Where Armor may have an advantage is in its existing scale and experience with roll-to-roll printing: the company says that, overall, it already produces more than 1 billion m2 of thin-film material annually.

And according to financial documents, Armor’s sales revenues and profitability have also grown healthily in recent years, with turnover reaching €235 million in 2015. The company employs 2000 people overall, and has a strong presence in Asia and North America, alongside six locations in Europe.

Thermal transfer
In fact, Armor’s technological heritage goes back nearly a century.
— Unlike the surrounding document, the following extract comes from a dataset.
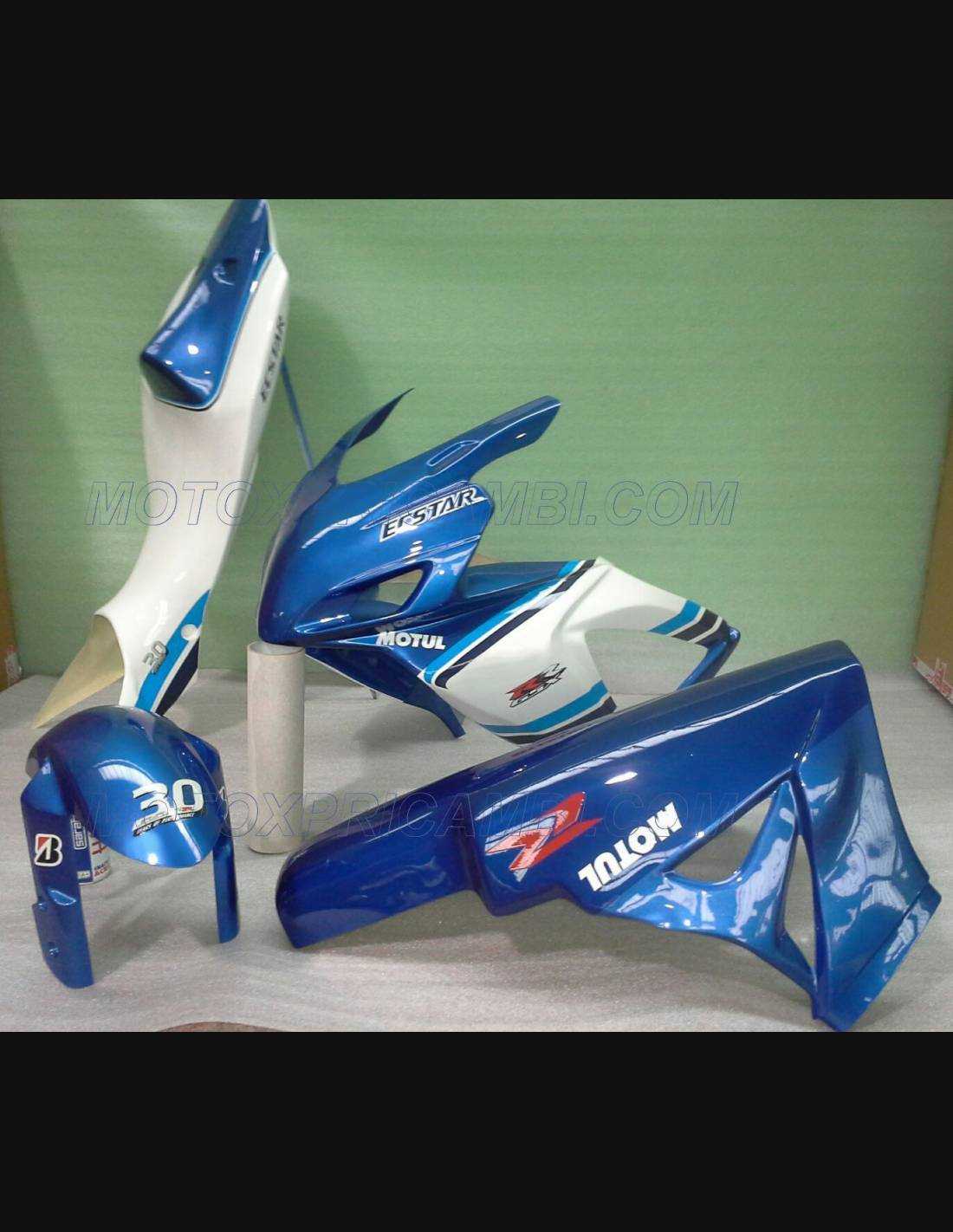 Elite: utilizamos pinturas de alta calidad con tonalidades similares a las originales. Las pegatinas se imprimen con impresoras de 8 colores que les dan un brillo y matices impecables. Todo el gráfico se encuentra bajo tres capas de transparente para mantener los colores del carenado brillantes con el tiempo. También pintamos todo el kit de carenado por dentro.

Initially focused on carbon paper, the Armor name was coined as long ago as 1925. In the 1980s it pioneered the development of thermal transfer technology, and in 1990 opened the La Chevrolière manufacturing facility where the ASCA films will be made.

2010 saw the start of the “OSCAR” (organic solar cells by Armor) research and development program on OPV, before a management takeover in 2014 resulted in Hubert de Boisredon taking charge of the company.

The R&D stage has involved a multidisciplinary team of 30 scientists and engineers, with contributions from teams at the Centre National de la Recherche Scientifique (CNRS), the CEA-run National Institute for Solar Energy in Saclay, and the Laboratoire de Chimie des Polymères Organique (LCPO) in Bordeaux.

Also involved are the French companies Amcor and Adhex, as well as US-based Cambrios Advanced Materials, which has supplied silver nanowires.

Armor says that it expects the ASCA films to find use in both static “street furniture” and mobile applications such as charging personal electronic devices. It has set up a “design office” dedicated to developing custom applications, and plans to unveil a variety of initial applications throughout next year.